I would generally not charge clients travel time, in the same way as a person employed directly doesn't usually get paid for the time they spend going to work. If it was longer than usual though, say if I had to go from Dublin to Cork for a meeting, then I would charge. I would, however, always claim my travel expenses, be they driving or public transport, from my own business. It's a legitimate way of getting a small amount of tax-free money out of the business.


----------



## ButtermilkJa (8 May 2007)

gonk said:


> I'm a contractor and my business is set up as a limited company with me as an employee. I'm paid a PAYE salary by the company and I can and do claim legitimate expenses I incur from my company.


 Ah, I see. I think it may be the case that as a 'sole trader' I cannot claim these.



gonk said:


> ... I would, however, always claim my travel expenses, be they driving or public transport, from my own business. It's a legitimate way of getting a small amount of tax-free money out of the business.


I will be collecting my bus tickets


----------



## ang1170 (8 May 2007)

ButtermilkJa said:


> Ah, I see. I think it may be the case that as a 'sole trader' I cannot claim these.


 
No, you can claim any travel expenses, and the simplest way of doing this is to use the civil service rates: there's no distinction between self-employed and PAYE. Note however if you spend all your time working at one particular place, that becomes effectively your place of work, and you cannot claim for commuting to and from your place of work.

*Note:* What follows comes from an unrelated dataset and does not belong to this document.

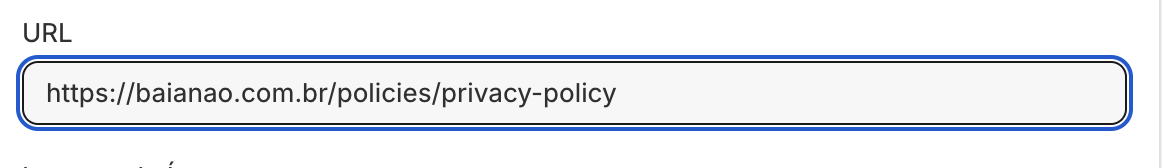 - No primeiro campo selecione a opção de URLs que será editada para exibição no app. As opções são:

I'd strongly recommend (as I'm sure most people would) you spend an hour or so with a good accountant who will set you straight on all of this.

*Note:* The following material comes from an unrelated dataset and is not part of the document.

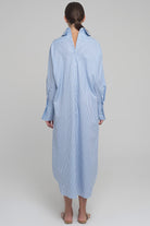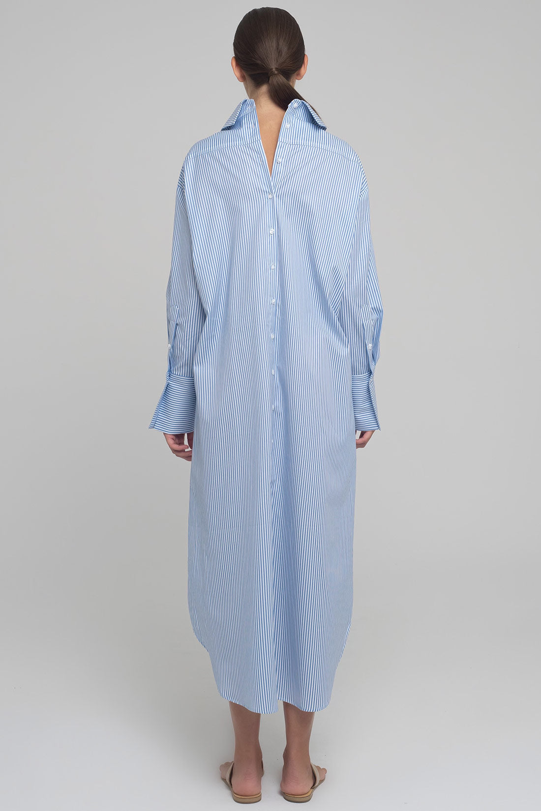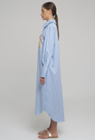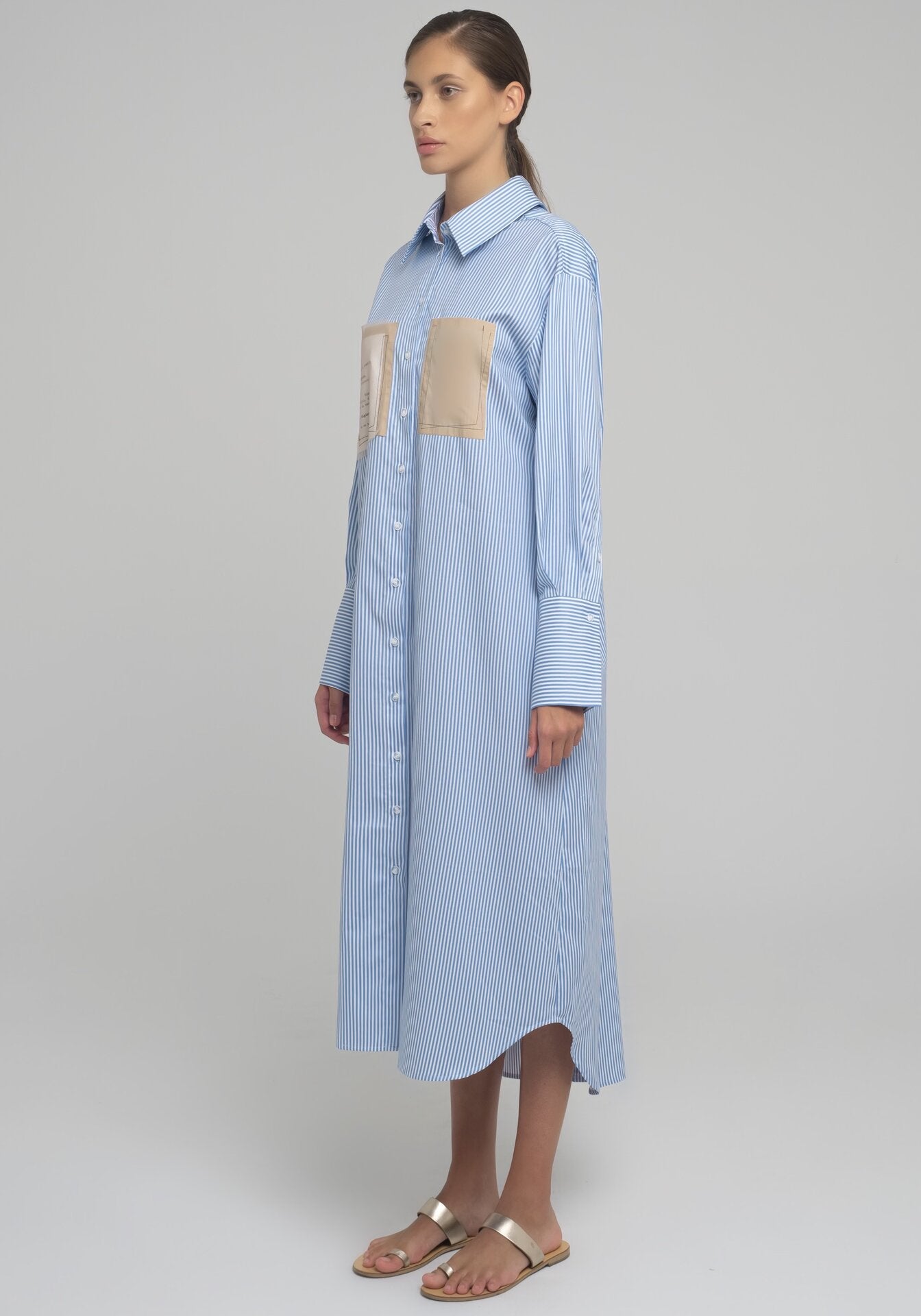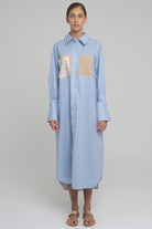 LONG, STRIPED COTTON SHIRT-DRESS WITH OPENING AT THE FRONT AND BACK. PATTERNED POCKETS ON FRONT SIDE.

As for hourly/daily rates it tends to vary between the type of service being offered. I'd be inclined to stick with one or the other (if daily, then half-day as the shortest time), depending on clients expectations and what's normal for the specific type of service. That is, don't mix them with the same client for the same service.

Normally you wouldn't charge for travel for the kind of work you describe, however it is important: you'd be mad not to pay yourself the (quite generous) civil service rates for mileage and subsistance.

By the way, has anyone else noted how "un-green" these are: I regularly travel to Belfast: if I go by train I just cover the direct cost with expenses, if I go by car I get expenses towards the maintenance of my car at a rate that probably exceeds the real cost of the single trip being claimed.


----------



## ella2007 (9 May 2007)

gonk said:


> You should estimate what your revenue from this contract and any other work you may do will be and if it's likely to go over the threshold, then register. If your client is also registered, then the VAT on your invoices will not be a cost to her, as she can recover it from the VAT she charges on her sales. If you are registered, you can likewise recover VAT on legitimate expenditure for your business, e.g., computers, software, so it is probably on balance to your benefit to be registered.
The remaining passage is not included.